Composition of simulated acid rain (mg/L).
To maintain the stability of the pH level in the artificial acid rain solution, measurements of the pH were taken every 6 hours. If the pH value deviated by more than 0.3 from the initial reading, the solution was replaced accordingly. The chemical composition of Q235 steel, produced by the Nangang Group in China, is presented in Table 2.
Composition of Q235 (wt.%).
Specimen preparation
The tensile test specimen was designed according to GB/T228.1, 11 with specific dimensions as shown in Figure 1, and an initial thickness of 3 mm. In order to improve the uniformity of the test results, before the accelerated corrosion test, all surfaces of the specimen were polished with 600-grade emery paper to remove the original metal surface layer, and then cleaned with medical cotton balls dipped in acetone solution, and the surface was wiped dry and placed at room temperature to measure the mass.

Tensile coupons details.
Accelerated acid rain corrosion test
The investigation of this corrosive impact induced by acid precipitation endeavours through an accelerated scrutiny facilitated indoors, utilising the direct application of electrical current. To execute such a method is to establish an apparatus comprising principally of a receptacle for liquid containment, alongside a power supply which assures consistent electrification; therein lies also a solution representing synthetic acid precipitation as well as conductive cables connecting these components.
The prepared artificial acid rain solution is placed in the test container, and all the samples are immersed in the solution. Three parallel samples are taken for each test. In order to avoid contact between the sample and the container wall, wooden blocks of the same size are placed under the wide mouths at both ends of the specimen. When the sample is immersed in the solution, the sample must be completely covered by the solution and at least 10 mm below the surface of the solution. The positive pole of the constant current power supply is connected to the tensile specimen, and the negative pole is connected to the conductive rod. The specific connection method of the test device is shown in Figure 2.

Connection diagram of corrosion test device.
The power-on time is controlled according to the theoretical formula of Faraday's law. The specific calculation steps are shown in Equation (1):
According to the experience in the literature,
12
the current density in this experiment is controlled as 2.0 × 10−4 A/cm2. After the specimen was energised, a large number of bubbles were immediately generated on the conductive metal surface connected to the negative electrode. These bubbles were generated by the H+ in the acid rain solution after it gained electrons. As the energisation time increased, the solution gradually changed from clear white to yellow-green. The iron element in the surface tensile specimen formed free Fe2+ after losing electrons. The electrode reaction was as shown in Equations (2) and (3). Then the yellow-green colour disappeared and the solution turned yellow-brown. This was because the free Fe2+ in the solution continued to lose electrons and formed Fe3+. The electrode reaction is as shown in Equations (4) and (5).
Test setup
Before the experiment, the milled samples were cleaned using ultrasonic cleaning with ethanol for 10 min, followed by a 5-min cleaning with acetone.
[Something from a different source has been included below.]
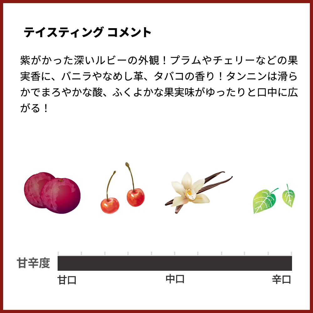 常にお手軽ながら、豊かな果実味やオークのニュアンスが感じられる、満足感の高い味わいのワインです!

After being blow-dried and subsequently dried in an oven, the specimens were prepared for calculating the corrosion rate. The weights of each specimen were measured with an electronic balance and recorded prior to the experiment. After the rust layer was effectively removed, the samples were rinsed with deionised water and subsequently dried using cold air. Following this procedure, the samples were weighed on a digital balance with a precision of 0.0001 g to determine the weight loss ratio (W) using Equation (6)
6
:
Evaluation of the mechanical properties inherent to each specimen was undertaken through utilisation of a tensile testing apparatus. As prescribed by the Chinese standard GB/T 228, execution of these tensile experiments adhered strictly to protocol. A sustained stress rate of 10 MPa/s characterised the elastic domain, transitioning subsequently into a yielding phase governed by a strain rate fixed at 0.001 s. Furthermore, an unwavering displacement velocity of 10 mm/min persisted until such point as material failure manifested.
The Q235 specimen was analysed using the SANS device to assess the residual stress–strain curve and its mechanical properties after corrosion (refer to Figure 2(b)). The specimen was positioned between the upper and lower fixtures, with the lower fixture fixed in place and the upper fixture allowing free upward movement. A 50 mm gauge length extensometer was utilised to measure the tensile deformation of the specimen. In cases of specimen failure, the ultimate elongation was determined using a micrometer.
Results and discussion
Table 3 presents the residual properties of Q345 steel following testing, which include residual yield stress (fy), ultimate tensile strength (fu), elastic modulus (Es), Poisson's ratio (µs), and ultimate elongation (ε).
Test parameters and test results of tensile specimens.
Stress–strain curve
Under various test conditions delineated in Figure 3 are the load–displacement trajectories pertaining to the coating/steel substrate system. A pattern emerges wherein an initial linear elasticity is succeeded by a yield plateau observable at room temperature. Table 3 encapsulates the calculation outcomes. From this compilation, it follows that corrosion notably impairs the elastic modulus of the coatings subjected to damage. Notably, the mechanical properties of the steel substrate system demonstrate heightened sensitivity to mildly acidic environments, with pH levels ranging from 5 to 7. As the degree of corrosion of the steel substrate increases, there is a corresponding decline in its strength; furthermore, a higher corrosion rate is associated with a reduced arc duration of the elastic-plastic deformation phase within the stress–strain curve. This observation indicates that the transition time from the elastic-plastic phase to the strain-hardening stage is minimised.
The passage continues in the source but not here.